The routine SMPPR computes point and interval estimates for the population proportion and total from a simple random sample. The simplest and most common case for which this routine is appropriate is one in which the population sampled contains two or more classes, and it is desired to estimate the proportion of the population falling into a particular class (“class of interest”). The data required by SMPPR consist of counts of the number of sample items in the class of interest, the sample size, and the population size. If there are more than two classes in the population, some of the classes may not be of interest.

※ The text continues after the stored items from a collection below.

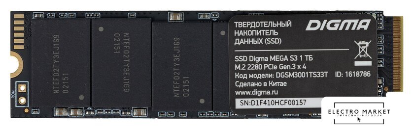 1 ТБ, M.2, PCI Express 3.0 x4 (NVMe 1.3), последовательный доступ: 2400/1800 MBps, случайный доступ: 130000/350000 IOps
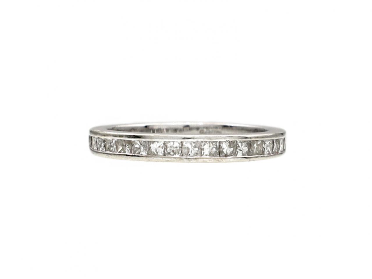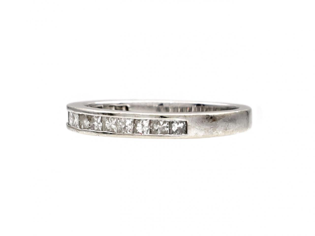 9kt white gold channel set princess cut diamond half eternity ring. Set with square brilliant cut diamonds in channel settings, to a half eternity with polished parallel borders and smooth integrated shank. Hallmarked 9kt gold.
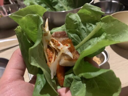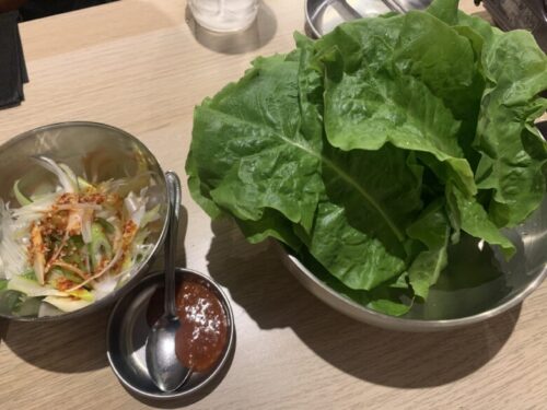 たれを使わずに、サンチュで包む食べ方も。野菜が沢山食べられてヘルシー!

Since the hypergeometric distribution is the appropriate probability model for the sampling for proportions in a finite population without replacement, exact confidence limits could be computed using that distribution. For populations with sizes that occur in practice (more than a hundred, often in the thousands or even millions), the confidence limits can be approximated very well by use of the normal, the binomial, or the Poisson distribution. Routine SMPPR uses one of these distributions in setting confidence limits, following the guidelines in the table on page 58 of Cochran (1977).

The first example is from Cochran (1977, page 52). A simple random sample of size 200 was drawn from a list of 3042 names and addresses. Verification of the addresses in the sample showed 38 to be wrong. The objective is to estimate the total number of incorrect addresses.

The next example is also from Cochran (1977, page 68). A simple random sample of size 200 from 2000 colleges showed 120 colleges to be in favor of a certain proposal, 57 to be opposed, and 23 to have no opinion. We wish to estimate the number of colleges, out of the 2000, that favor the proposal.